Both of these show correlation, whereas with graph a, it seems to be more like a non-linear association.

Okay, it's over to you now for task A.

This task contains one question and here it is.

You need to draw a line of best fit on each scatter graph.

Pause the video while you do it and press play when you're ready to see some answers.

Let's take a look at some answers then.

Here they are.

Check yours against these.

Yours might not be exactly the same as these, but hopefully you've got the general idea.

Your line is going roughly through the middle of the data points and is following the general direction that the points are travelling in.

Pause the video while you check it and then press play when you're ready to continue with the lesson.

Great work so far.

Now let's move on to the second learn cycle.

We're going to use our lines of best fit.

Here we have a scatter graph that shows data from the Met Office about the weather in Heathrow for each month from 1941 to 2022.

The horizontal axis shows that the total sunshine duration in hours, and the vertical axis show the mean of a daily maximum temperature in degrees Celsius, and each point represents a month.

Now, we saw this graph earlier and we used it to estimate ranges of values.

For example, for a month with 200 hours of sunshine, we could expect the maximum daily temperature to be between 15 degrees Celsius and 25 degrees Celsius.

Now earlier, Laura didn't really like how broad that range was.

She says, "Could we obtain a more precise estimate by using a line of best fit?" Let's do that together then.

Here's our line of best fits.

And we can use this line of best fit to estimate the value of one variable given the value of another variable.

So for example, what maximum daily temperature could be predicted for a month with 200 hours of sunshine? We can do that by looking at 200 on the horizontal axis, going up to the line of best fit, and then going across until we get to the vertical axis, and reading off what we have.

It'll be helpful if you have a ruler or a straight edge to help you do that.

And we can see here the mean of maximum daily temperature, which is in line with that part of the line of best fit is 20.

5 degrees Celsius.

Lucas says, "Does that mean the maximum daily temperature will definitely be 20.

5 degrees Celsius if there are 200 hours of sunshine?" Laura says, "It is not guaranteed to be 20.

5 degrees Celsius.

This is just an estimate." And we can see it's not guaranteed from the data.

Laura says, "We can see that some months have previously been warmer than 20.

5 degrees Celsius and some months have been colder." But, 20.

5 is a reasonable estimate if we want just a single value for our prediction.

So let's check what we've learned.

Here we have a scatter graph that shows data from the ONS, where each point represents a region in the UK, and the line of best fit is provided.

Now, a value has been marked on the vertical axis and it's been marked with an x.

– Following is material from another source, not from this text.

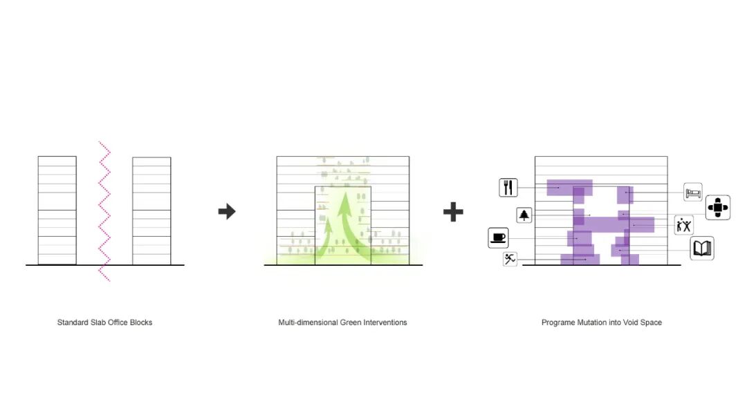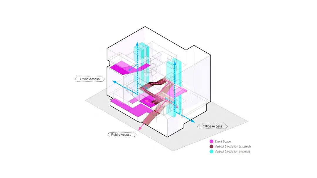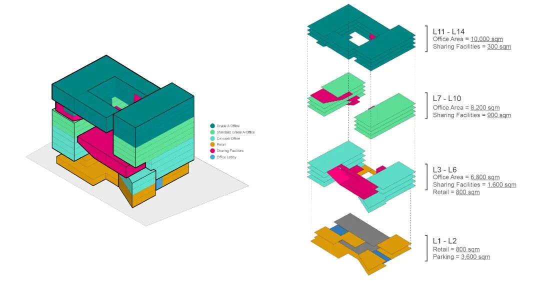 透过设计条件、用户及场地分析,设计团队从研究学术、商业和社区领域的共生关系开始,探索一个知识交流、社区互动及企业展示的公共场所。在60米的建筑高度限制和有限的地块面积下,以“共享融合”为核心理念,通过打开建筑空间的中庭布局,不仅提供优质高效的工作空间,更希望促进目标客群,如大型企业总部、中型企业、科技初创公司及大学周边共享办公的各种合作与互动,务求成为一个共享共创共生的新型办公综合体。

What is the value of x? Pause the video while you write it down and press play when you're ready for an answer.

The answer is 800.

A point has been marked on the line of best fit.

What population is represented by this point? Pause the video while you do that and press play when you're ready for an answer.

It's the population.

So we're looking at the horizontal axis and the population is in thousands, so it is 600,000.

Use the line of best fit to estimate the transport emissions for a region with a population of 200,000.

Pause the video while you do that and press play when you're ready for an answer.

So if you're looking for the number 200,000 in that horizontal axis, you won't find it because the numbers represent thousands.

So we need to look at the number 200, which represents 200,000, go to the line of best fit, go to the vertical axis, and we can see it is 300.

Okay, it's over to you now for task B.

This task contains three questions, and here is question one.

We have a scatter graph that shows data from the ONS about regions in the UK for population and the number of cell phone towers, and those are both in the thousands.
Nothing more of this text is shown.